# Goats & Alcohol



## Heidi's_Goats (Mar 21, 2007)

Does anyone have experience with their goats drinking alcoholic beverages?

I made some of the "hard lemonade" on the Country Families forum and discarded the lemons in my compost pile. My husband did some research and said that yeast can only live in up to 15% (30 proof) alcohol so it probably is not higher than that.

I only let my wether get ahold of 1 slice. He LOVED it.  I thought I would post on here to find out if it was okay or a boo boo. I know he has a hard stomach. He got into some latex paint when we were painting out house.

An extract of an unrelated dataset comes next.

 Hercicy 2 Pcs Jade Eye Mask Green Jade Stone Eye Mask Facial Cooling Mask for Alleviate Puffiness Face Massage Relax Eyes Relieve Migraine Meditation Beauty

No reactions to that.

Thanks,
Heidi


----------



## Idahoe (Feb 4, 2006)

Alcohol is a naturally occuring substance, and a small amount like you describe couldn't hurt him . . . make him feel like putting on some soft music maybe  .

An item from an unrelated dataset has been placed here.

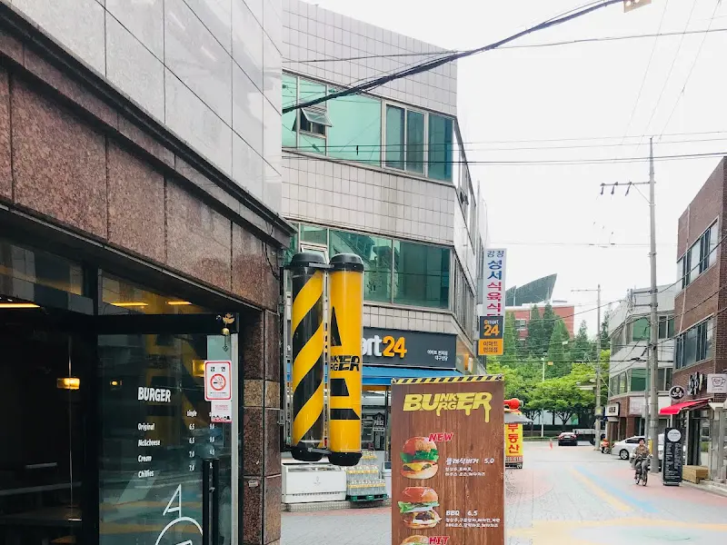 벙커버거를 찾아가는 길은 생각보다 쉬웠다. 계명대학교 동문에서 멀지 않은 골목 안쪽에 자리 잡고 있었는데, 노란색과 검은색 줄무늬가 칠해진 기둥 덕분에 멀리서도 눈에 띄었다. 마치 비밀기지 입구 같은 느낌이랄까? 가게 앞에 세워진 입간판에는 큼지막한 버거 사진들이 침샘을 자극했다. 드디어 맛집 도착!

Makes me think of that old National Geographic or Mutual of Omaha's Wild Kingdom show I saw as a kid . . . a tree was dropping very ripe fermented fruit, and several kinds of animals, including an elephant and some baboons, were drunk from eating them. I remember a couple of tipsy birds, too.


----------



## goatkid (Nov 20, 2005)

If the goat accidentally got the lemon, I wouldn't worry about it. I would not intentionally give alcohol or any other recreational drug to a goat or other animal.


----------